RECORDS PROVIDED:
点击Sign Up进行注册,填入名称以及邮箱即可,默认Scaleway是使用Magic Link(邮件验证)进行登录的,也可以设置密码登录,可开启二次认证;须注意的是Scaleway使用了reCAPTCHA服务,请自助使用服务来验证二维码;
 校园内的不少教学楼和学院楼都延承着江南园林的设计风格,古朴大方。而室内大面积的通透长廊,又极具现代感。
---
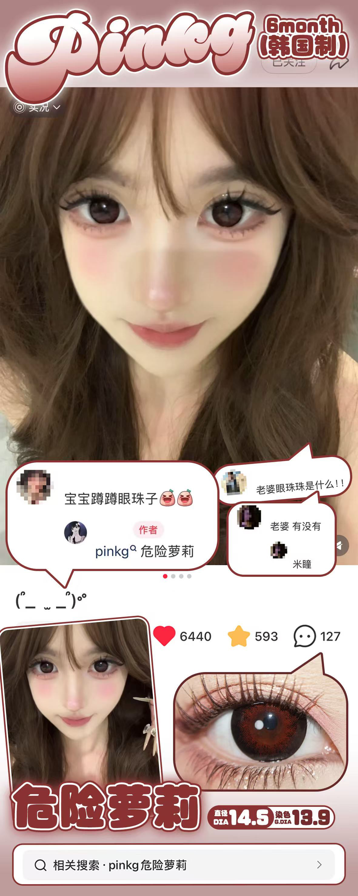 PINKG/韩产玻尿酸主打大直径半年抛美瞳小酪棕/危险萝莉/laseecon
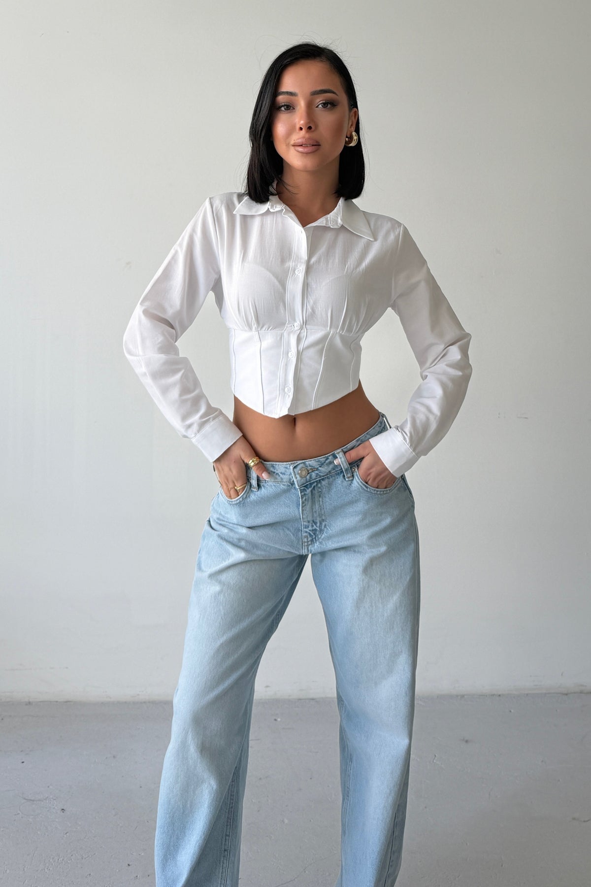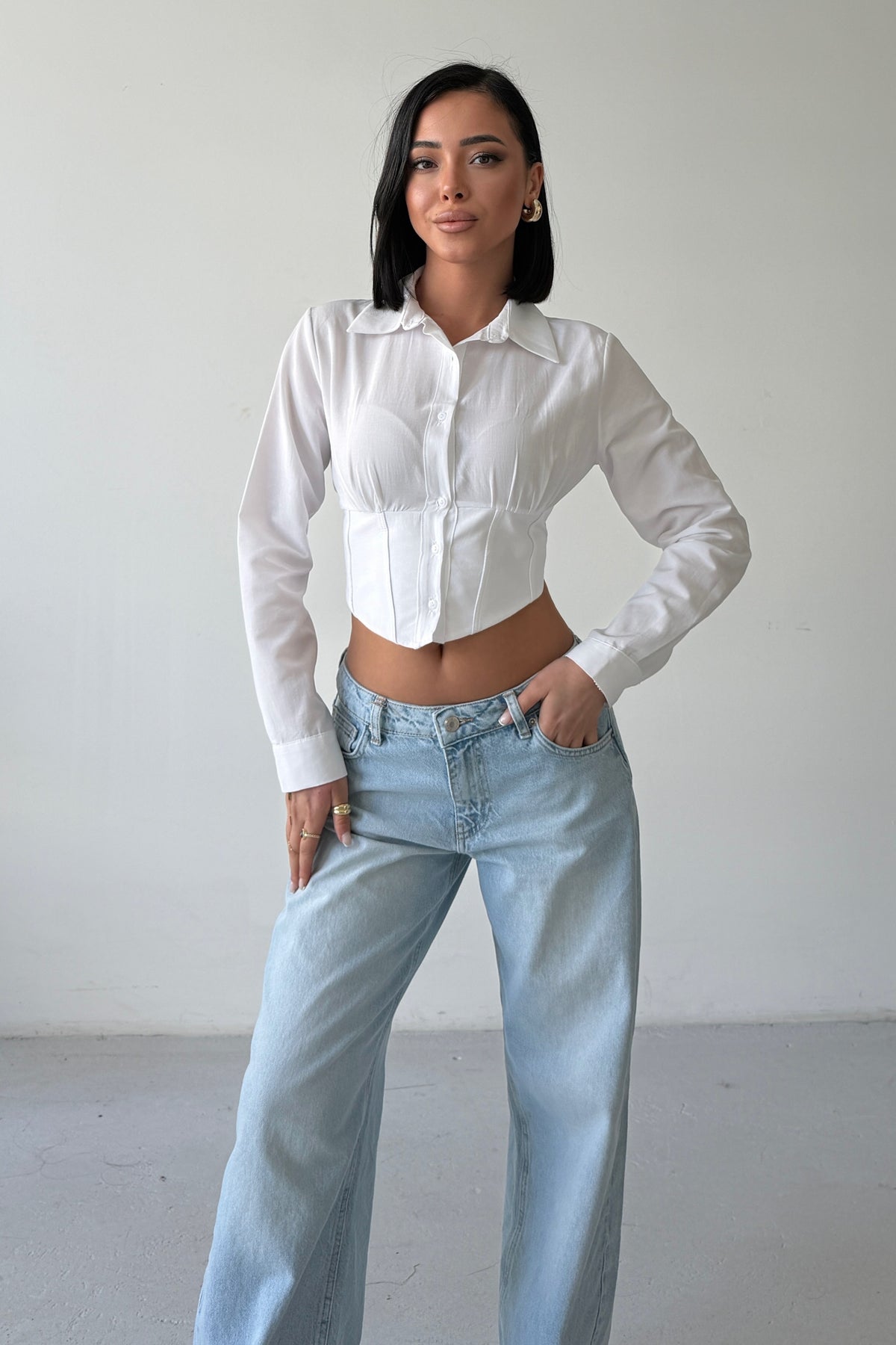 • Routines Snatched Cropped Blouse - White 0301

TO DO: Leaving every picture aside, reproduce exactly the lines above from the one with "PINKG/韩产玻尿酸主打大直径半年抛美瞳小酪棕/危险萝莉/laseecon" up to and including the one with "- White 0301", and no others.

RESPONSE TO THE EXERCISE:
 PINKG/韩产玻尿酸主打大直径半年抛美瞳小酪棕/危险萝莉/laseecon
 • Routines Snatched Cropped Blouse - White 0301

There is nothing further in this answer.